Provided data:
* * *

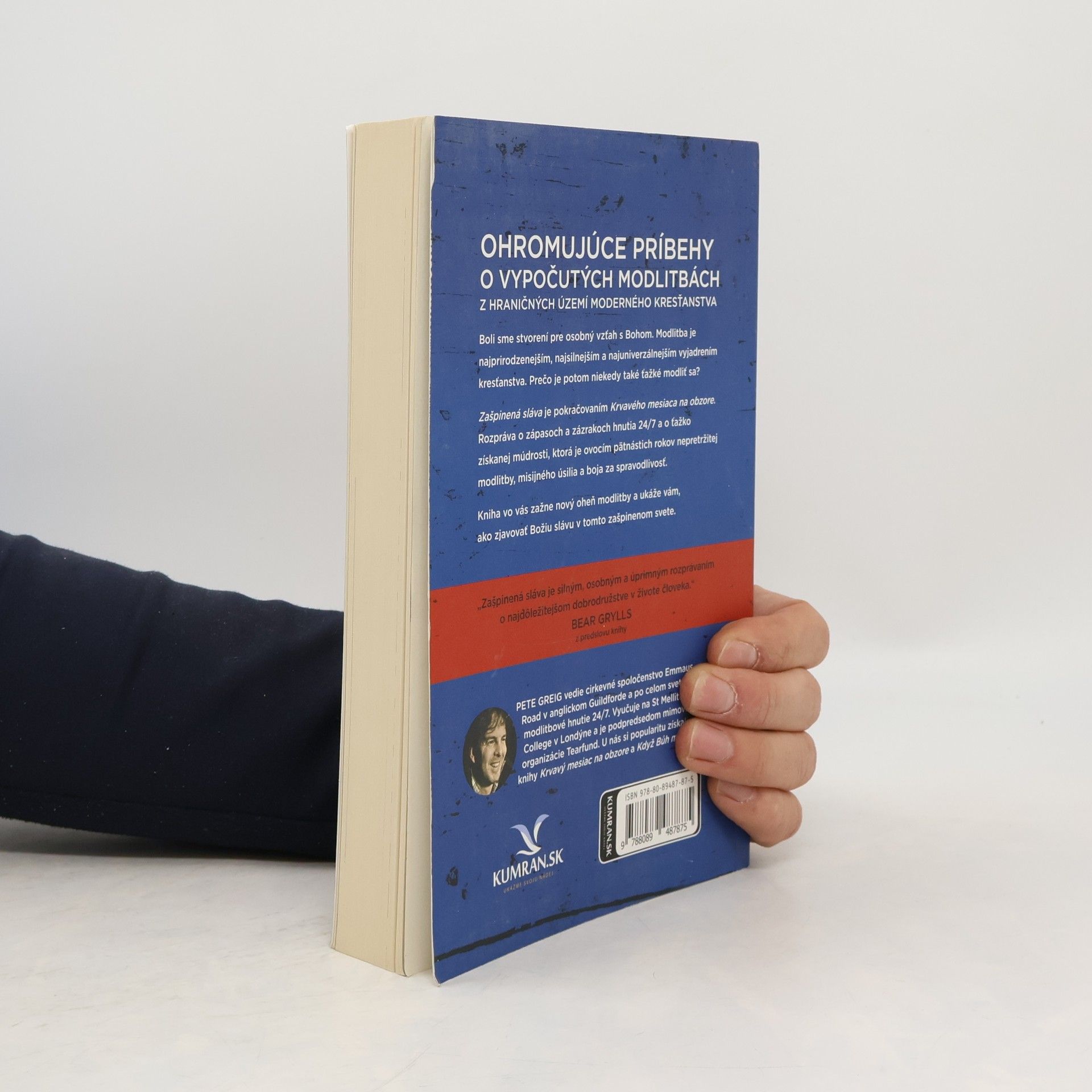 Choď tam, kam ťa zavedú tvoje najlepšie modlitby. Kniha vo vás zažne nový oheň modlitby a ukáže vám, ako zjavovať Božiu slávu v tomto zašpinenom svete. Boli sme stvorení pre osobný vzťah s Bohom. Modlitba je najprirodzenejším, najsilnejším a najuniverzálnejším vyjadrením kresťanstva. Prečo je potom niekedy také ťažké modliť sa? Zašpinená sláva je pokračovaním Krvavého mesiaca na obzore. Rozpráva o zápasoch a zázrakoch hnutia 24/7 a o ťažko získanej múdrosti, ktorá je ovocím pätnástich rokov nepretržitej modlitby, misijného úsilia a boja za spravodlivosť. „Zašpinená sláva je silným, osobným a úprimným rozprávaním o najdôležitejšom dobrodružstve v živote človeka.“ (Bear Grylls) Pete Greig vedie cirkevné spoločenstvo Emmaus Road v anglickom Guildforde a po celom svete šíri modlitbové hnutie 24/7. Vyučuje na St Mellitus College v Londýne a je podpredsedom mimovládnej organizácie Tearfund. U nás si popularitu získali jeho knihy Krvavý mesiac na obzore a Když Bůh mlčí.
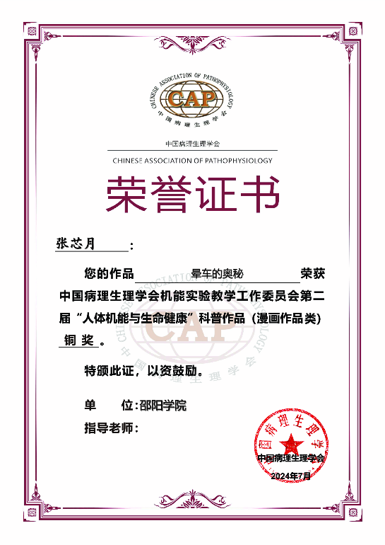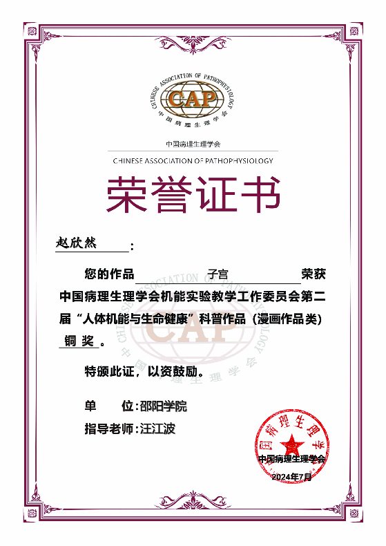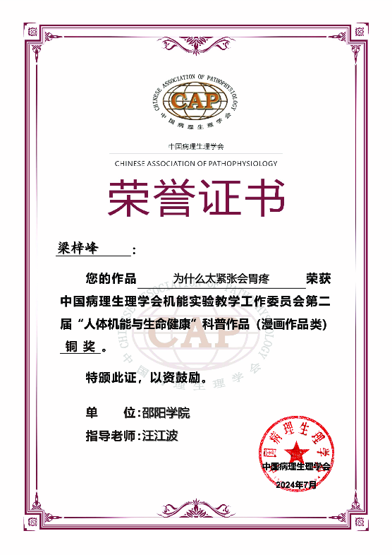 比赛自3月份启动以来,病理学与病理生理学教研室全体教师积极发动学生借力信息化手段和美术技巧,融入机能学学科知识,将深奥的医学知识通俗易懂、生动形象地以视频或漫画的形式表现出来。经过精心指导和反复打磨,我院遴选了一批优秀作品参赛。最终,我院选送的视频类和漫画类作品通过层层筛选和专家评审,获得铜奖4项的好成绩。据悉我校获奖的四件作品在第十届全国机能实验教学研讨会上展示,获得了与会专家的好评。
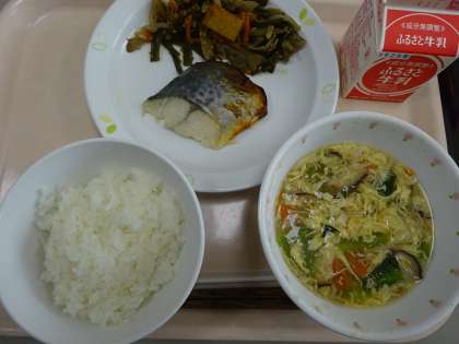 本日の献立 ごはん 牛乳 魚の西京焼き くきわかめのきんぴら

* * *

Task description: Pictures do not belong in the copy. Reproduce the rest of the data exactly.

Solution to the problem:
 Choď tam, kam ťa zavedú tvoje najlepšie modlitby. Kniha vo vás zažne nový oheň modlitby a ukáže vám, ako zjavovať Božiu slávu v tomto zašpinenom svete. Boli sme stvorení pre osobný vzťah s Bohom. Modlitba je najprirodzenejším, najsilnejším a najuniverzálnejším vyjadrením kresťanstva. Prečo je potom niekedy také ťažké modliť sa? Zašpinená sláva je pokračovaním Krvavého mesiaca na obzore. Rozpráva o zápasoch a zázrakoch hnutia 24/7 a o ťažko získanej múdrosti, ktorá je ovocím pätnástich rokov nepretržitej modlitby, misijného úsilia a boja za spravodlivosť. „Zašpinená sláva je silným, osobným a úprimným rozprávaním o najdôležitejšom dobrodružstve v živote človeka.“ (Bear Grylls) Pete Greig vedie cirkevné spoločenstvo Emmaus Road v anglickom Guildforde a po celom svete šíri modlitbové hnutie 24/7. Vyučuje na St Mellitus College v Londýne a je podpredsedom mimovládnej organizácie Tearfund. U nás si popularitu získali jeho knihy Krvavý mesiac na obzore a Když Bůh mlčí.
 比赛自3月份启动以来,病理学与病理生理学教研室全体教师积极发动学生借力信息化手段和美术技巧,融入机能学学科知识,将深奥的医学知识通俗易懂、生动形象地以视频或漫画的形式表现出来。经过精心指导和反复打磨,我院遴选了一批优秀作品参赛。最终,我院选送的视频类和漫画类作品通过层层筛选和专家评审,获得铜奖4项的好成绩。据悉我校获奖的四件作品在第十届全国机能实验教学研讨会上展示,获得了与会专家的好评。
 本日の献立 ごはん 牛乳 魚の西京焼き くきわかめのきんぴら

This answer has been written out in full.